• Exercise objective: Word for word, please copy the listing below, with its pictures left out.

= = = = =

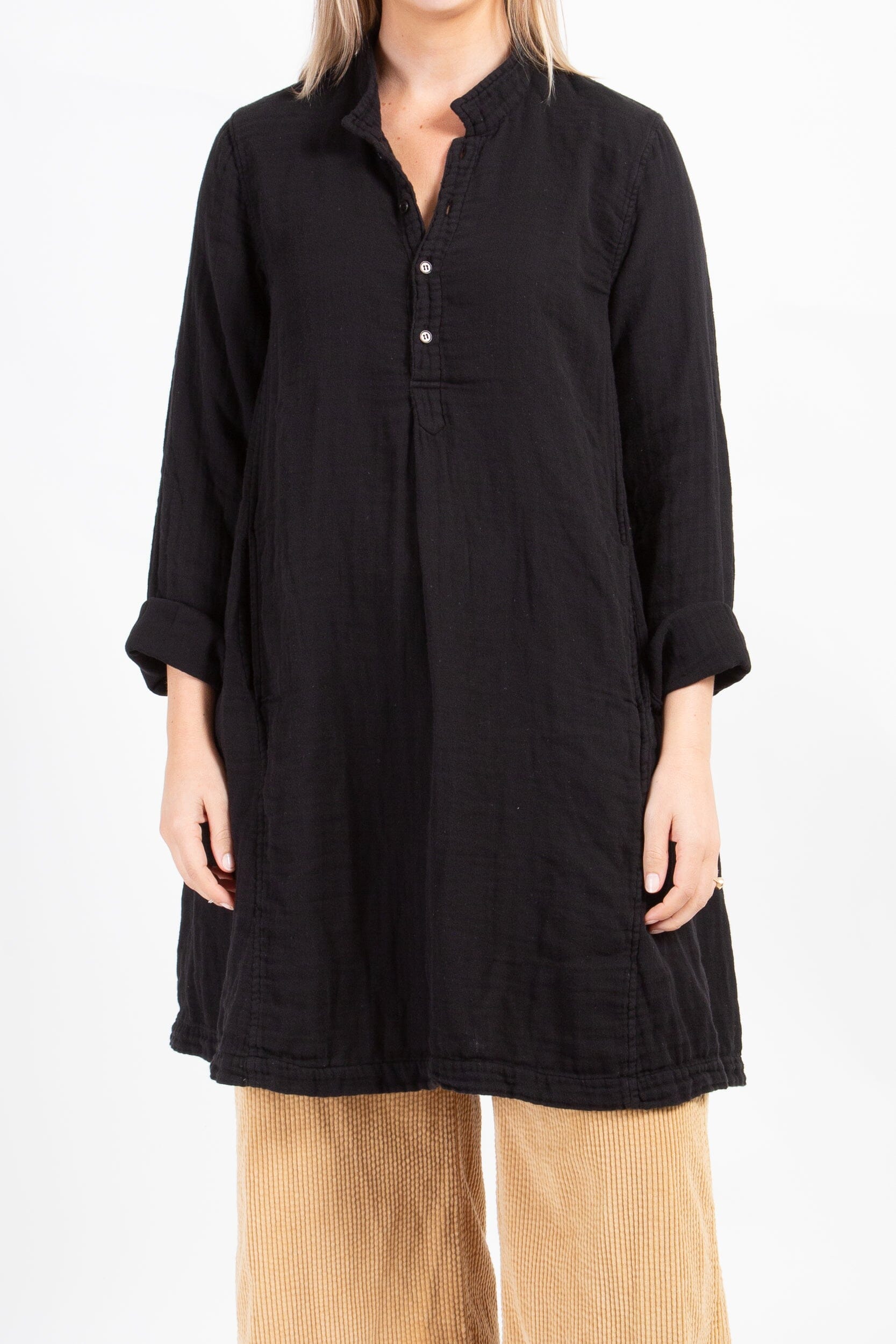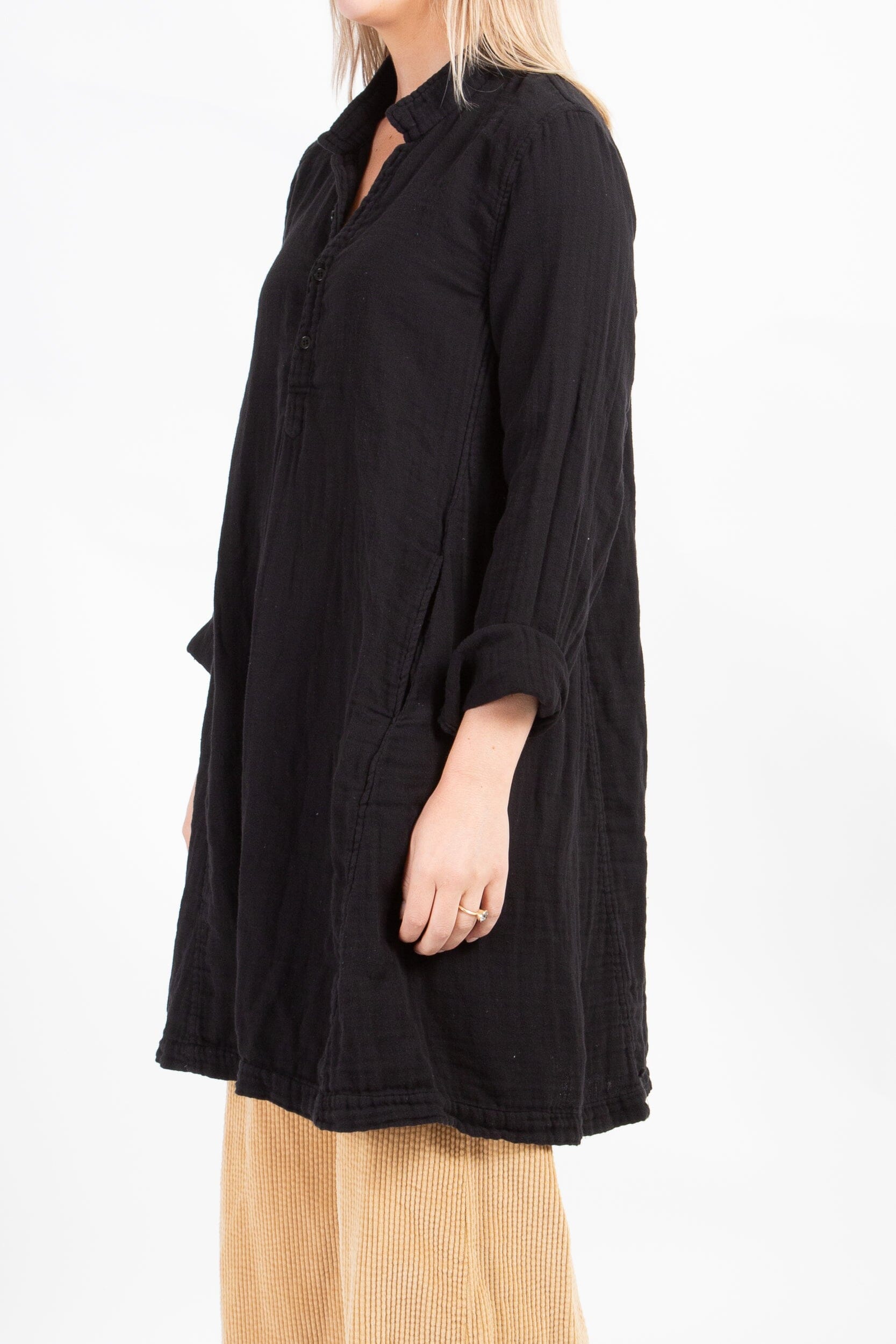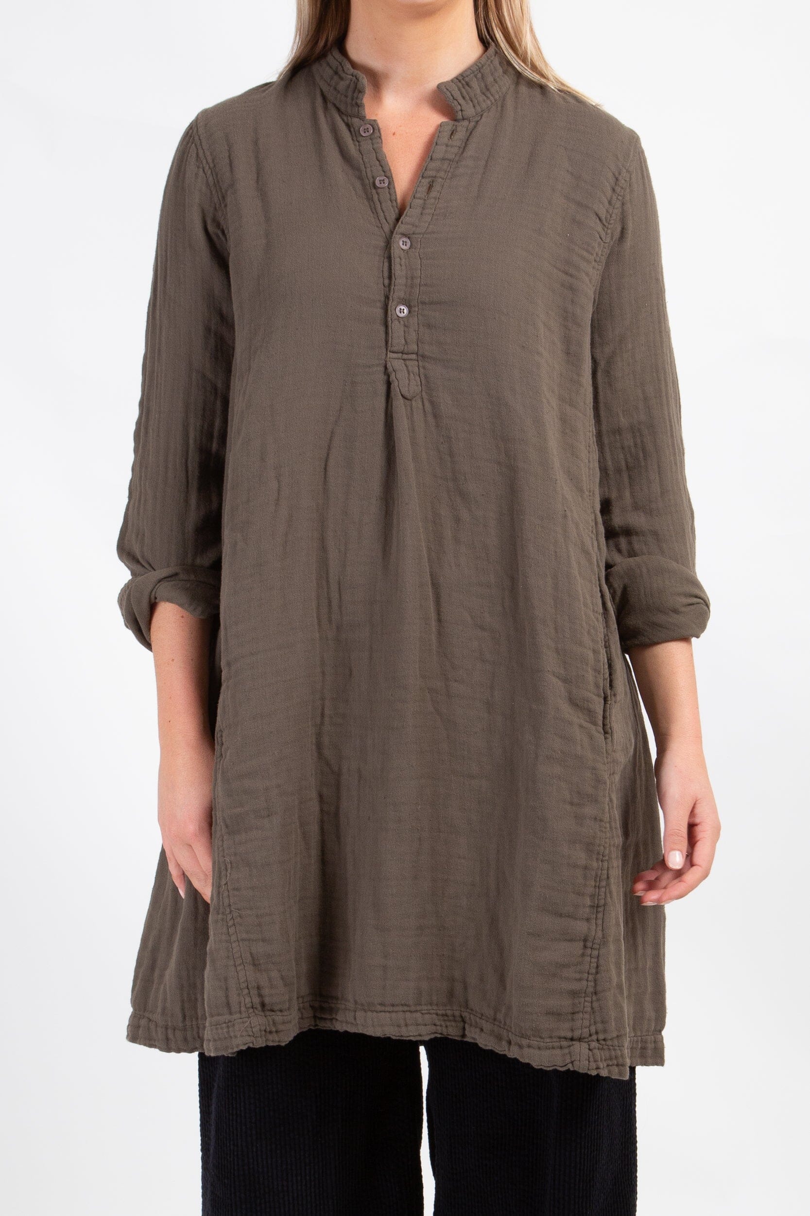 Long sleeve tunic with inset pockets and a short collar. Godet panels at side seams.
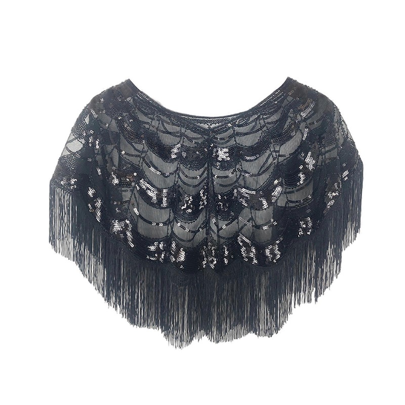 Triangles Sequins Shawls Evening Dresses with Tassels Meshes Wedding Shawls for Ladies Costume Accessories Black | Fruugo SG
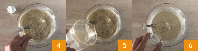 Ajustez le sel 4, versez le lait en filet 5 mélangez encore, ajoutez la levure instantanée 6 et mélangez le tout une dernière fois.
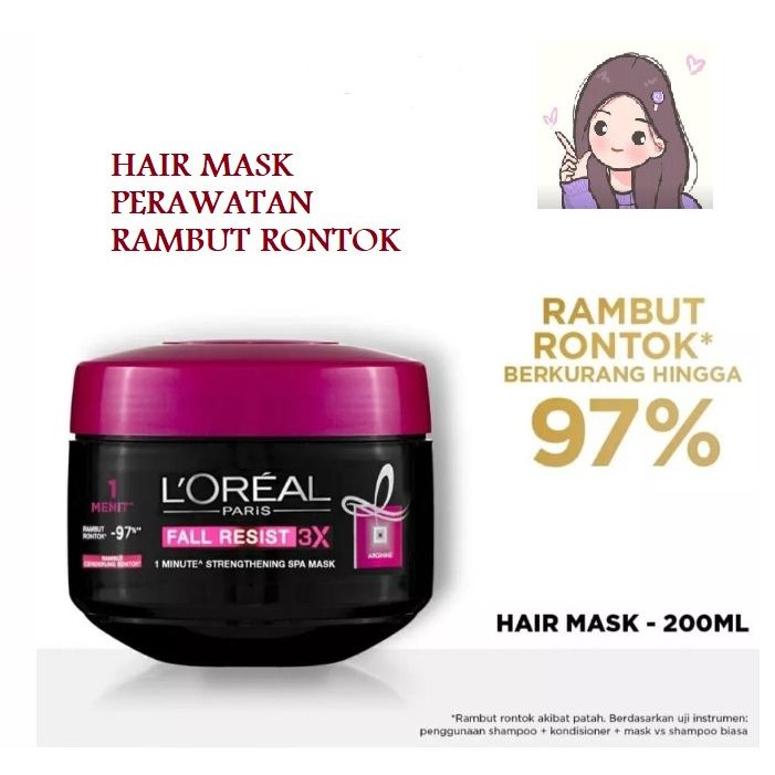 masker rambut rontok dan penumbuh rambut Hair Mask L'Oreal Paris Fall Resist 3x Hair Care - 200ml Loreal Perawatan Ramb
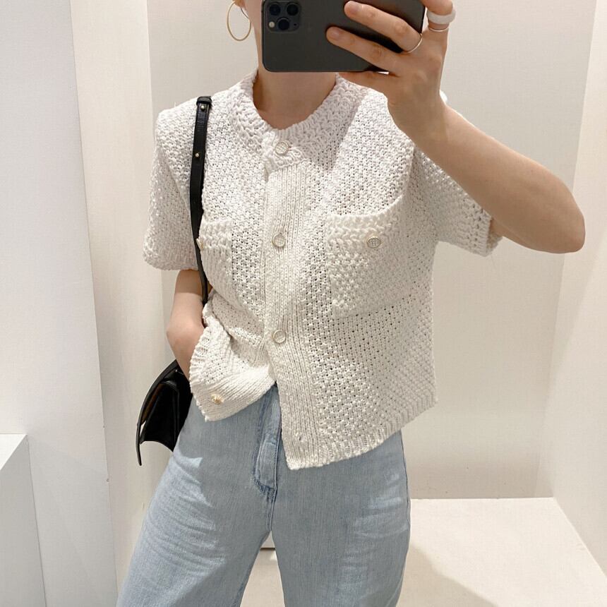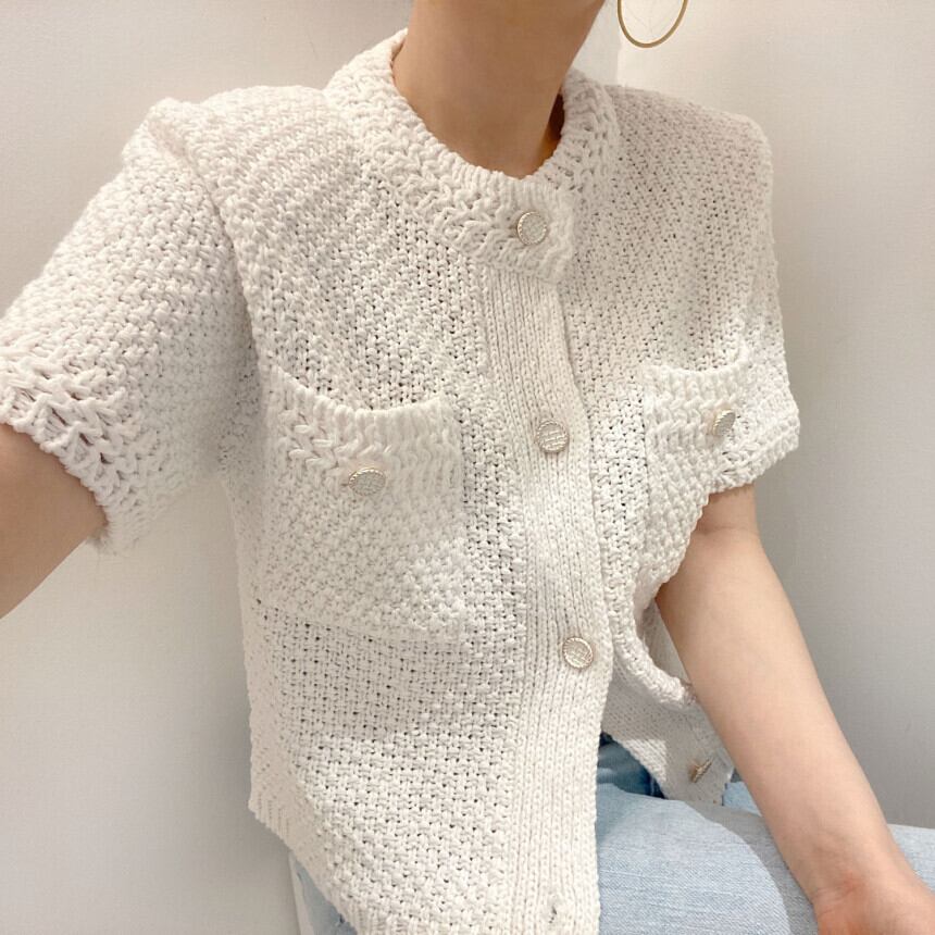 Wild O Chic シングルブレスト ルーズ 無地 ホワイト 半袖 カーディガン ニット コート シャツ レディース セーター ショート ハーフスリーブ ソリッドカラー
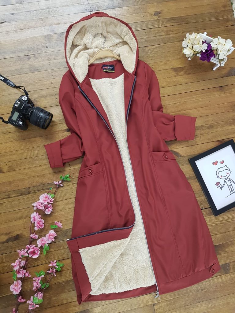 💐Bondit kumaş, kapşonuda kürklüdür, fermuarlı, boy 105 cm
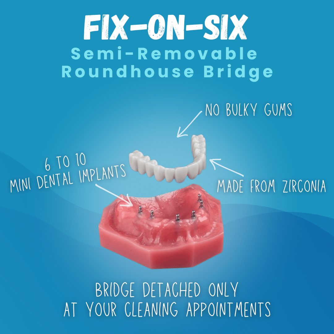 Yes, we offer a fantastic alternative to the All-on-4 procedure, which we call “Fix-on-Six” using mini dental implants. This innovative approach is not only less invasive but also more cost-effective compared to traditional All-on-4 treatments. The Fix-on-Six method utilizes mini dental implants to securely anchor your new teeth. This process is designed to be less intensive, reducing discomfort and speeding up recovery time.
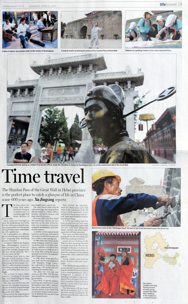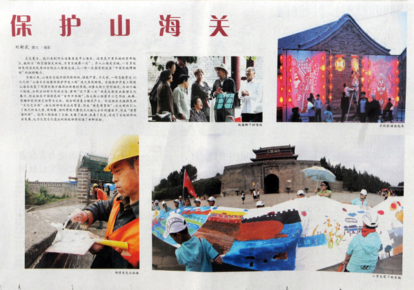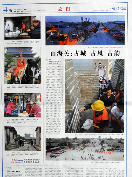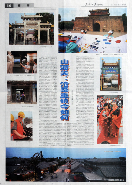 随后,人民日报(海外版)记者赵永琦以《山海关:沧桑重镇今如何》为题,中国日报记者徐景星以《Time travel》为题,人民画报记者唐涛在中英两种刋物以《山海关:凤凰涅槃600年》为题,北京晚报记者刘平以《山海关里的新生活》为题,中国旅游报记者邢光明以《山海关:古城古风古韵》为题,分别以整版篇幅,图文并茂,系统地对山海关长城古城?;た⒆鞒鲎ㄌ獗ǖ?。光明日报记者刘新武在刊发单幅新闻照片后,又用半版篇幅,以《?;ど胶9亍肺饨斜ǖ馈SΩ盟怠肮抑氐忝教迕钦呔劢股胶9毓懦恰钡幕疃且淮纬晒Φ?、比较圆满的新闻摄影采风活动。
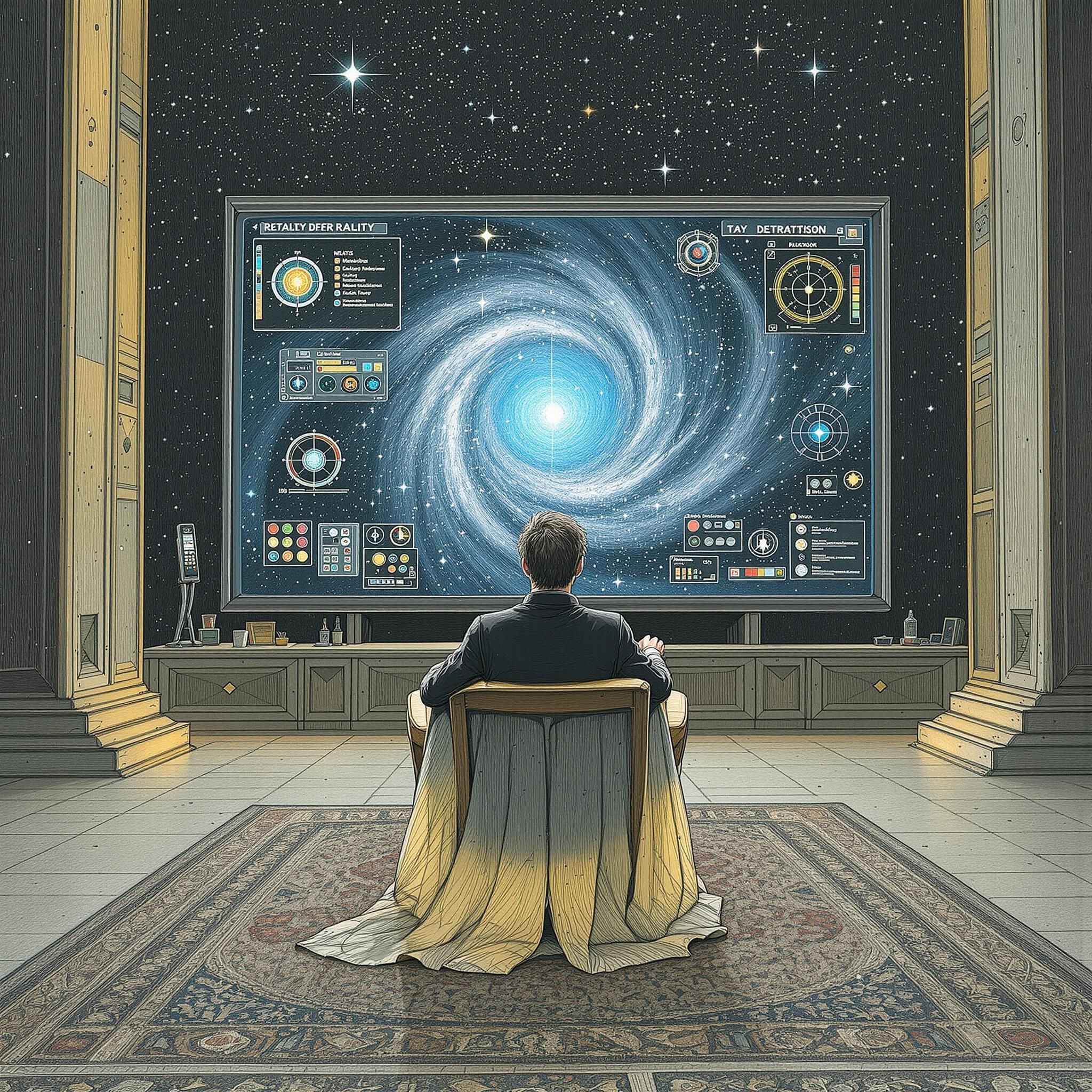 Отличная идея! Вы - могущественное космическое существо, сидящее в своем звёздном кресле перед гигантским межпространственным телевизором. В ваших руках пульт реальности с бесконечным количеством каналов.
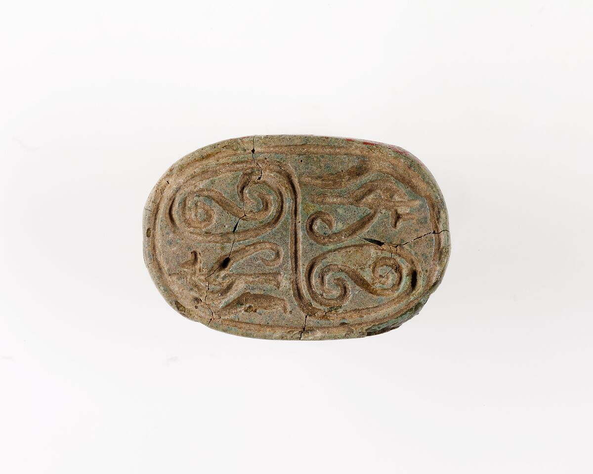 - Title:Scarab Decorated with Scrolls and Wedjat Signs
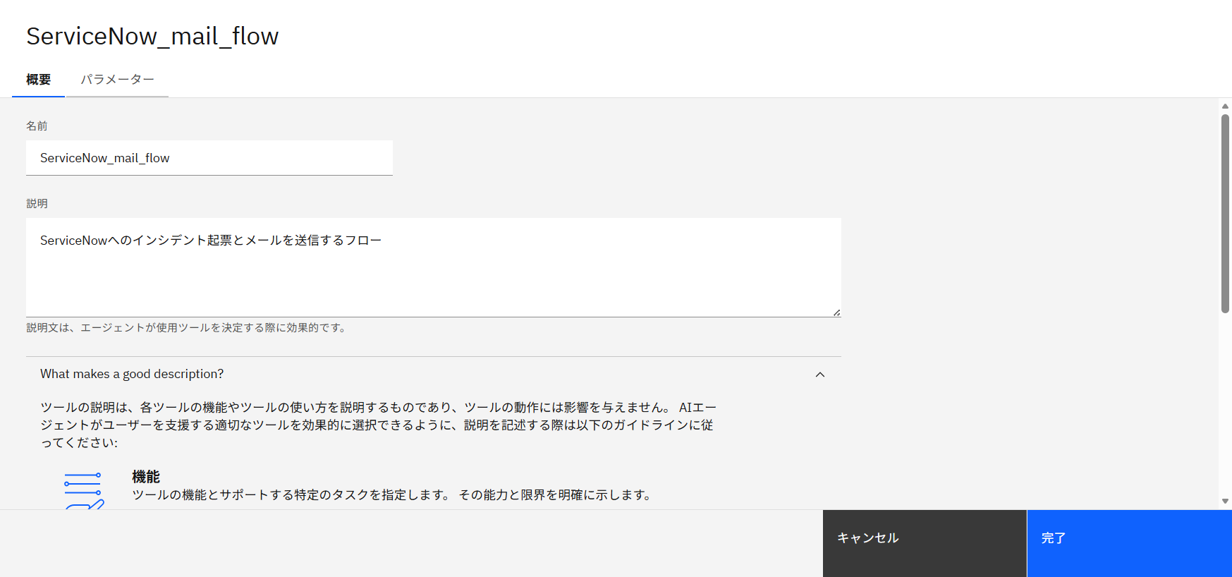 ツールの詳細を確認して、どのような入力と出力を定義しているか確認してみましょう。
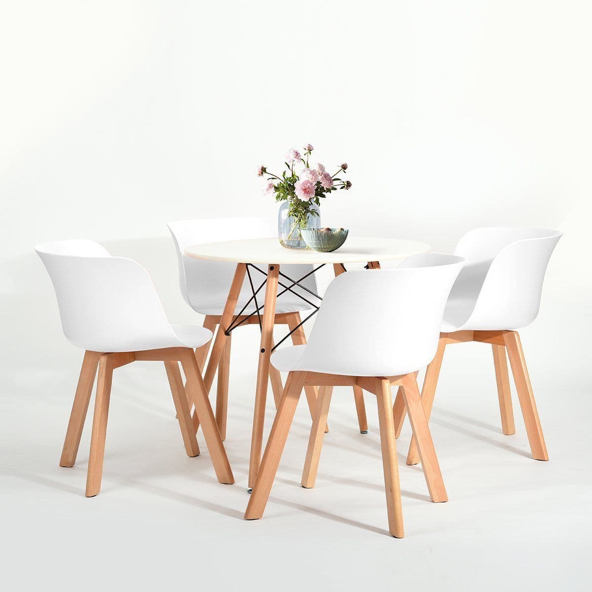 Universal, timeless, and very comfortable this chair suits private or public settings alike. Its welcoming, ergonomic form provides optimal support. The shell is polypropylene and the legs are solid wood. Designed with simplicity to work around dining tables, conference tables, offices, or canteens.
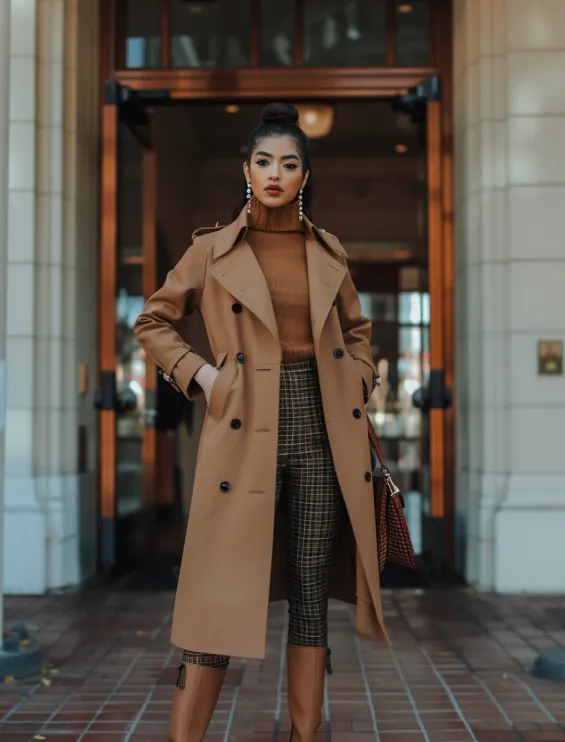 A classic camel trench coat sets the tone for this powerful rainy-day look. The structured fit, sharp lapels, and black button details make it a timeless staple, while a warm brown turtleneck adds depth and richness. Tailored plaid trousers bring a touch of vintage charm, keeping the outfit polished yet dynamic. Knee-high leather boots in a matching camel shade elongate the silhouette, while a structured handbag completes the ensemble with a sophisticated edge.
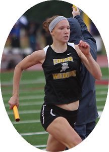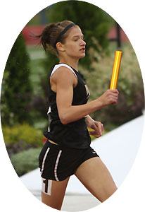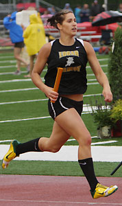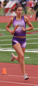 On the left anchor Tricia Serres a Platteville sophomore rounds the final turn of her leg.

= = = = =

• Output of the task:
 Long sleeve tunic with inset pockets and a short collar. Godet panels at side seams.
 Triangles Sequins Shawls Evening Dresses with Tassels Meshes Wedding Shawls for Ladies Costume Accessories Black | Fruugo SG
 Ajustez le sel 4, versez le lait en filet 5 mélangez encore, ajoutez la levure instantanée 6 et mélangez le tout une dernière fois.
 masker rambut rontok dan penumbuh rambut Hair Mask L'Oreal Paris Fall Resist 3x Hair Care - 200ml Loreal Perawatan Ramb
 Wild O Chic シングルブレスト ルーズ 無地 ホワイト 半袖 カーディガン ニット コート シャツ レディース セーター ショート ハーフスリーブ ソリッドカラー
 💐Bondit kumaş, kapşonuda kürklüdür, fermuarlı, boy 105 cm
 Yes, we offer a fantastic alternative to the All-on-4 procedure, which we call “Fix-on-Six” using mini dental implants. This innovative approach is not only less invasive but also more cost-effective compared to traditional All-on-4 treatments. The Fix-on-Six method utilizes mini dental implants to securely anchor your new teeth. This process is designed to be less intensive, reducing discomfort and speeding up recovery time.
 随后,人民日报(海外版)记者赵永琦以《山海关:沧桑重镇今如何》为题,中国日报记者徐景星以《Time travel》为题,人民画报记者唐涛在中英两种刋物以《山海关:凤凰涅槃600年》为题,北京晚报记者刘平以《山海关里的新生活》为题,中国旅游报记者邢光明以《山海关:古城古风古韵》为题,分别以整版篇幅,图文并茂,系统地对山海关长城古城?;た⒆鞒鲎ㄌ獗ǖ?。光明日报记者刘新武在刊发单幅新闻照片后,又用半版篇幅,以《?;ど胶9亍肺饨斜ǖ馈SΩ盟怠肮抑氐忝教迕钦呔劢股胶9毓懦恰钡幕疃且淮纬晒Φ?、比较圆满的新闻摄影采风活动。
 Отличная идея! Вы - могущественное космическое существо, сидящее в своем звёздном кресле перед гигантским межпространственным телевизором. В ваших руках пульт реальности с бесконечным количеством каналов.
 - Title:Scarab Decorated with Scrolls and Wedjat Signs
 ツールの詳細を確認して、どのような入力と出力を定義しているか確認してみましょう。
 Universal, timeless, and very comfortable this chair suits private or public settings alike. Its welcoming, ergonomic form provides optimal support. The shell is polypropylene and the legs are solid wood. Designed with simplicity to work around dining tables, conference tables, offices, or canteens.
 A classic camel trench coat sets the tone for this powerful rainy-day look. The structured fit, sharp lapels, and black button details make it a timeless staple, while a warm brown turtleneck adds depth and richness. Tailored plaid trousers bring a touch of vintage charm, keeping the outfit polished yet dynamic. Knee-high leather boots in a matching camel shade elongate the silhouette, while a structured handbag completes the ensemble with a sophisticated edge.
 On the left anchor Tricia Serres a Platteville sophomore rounds the final turn of her leg.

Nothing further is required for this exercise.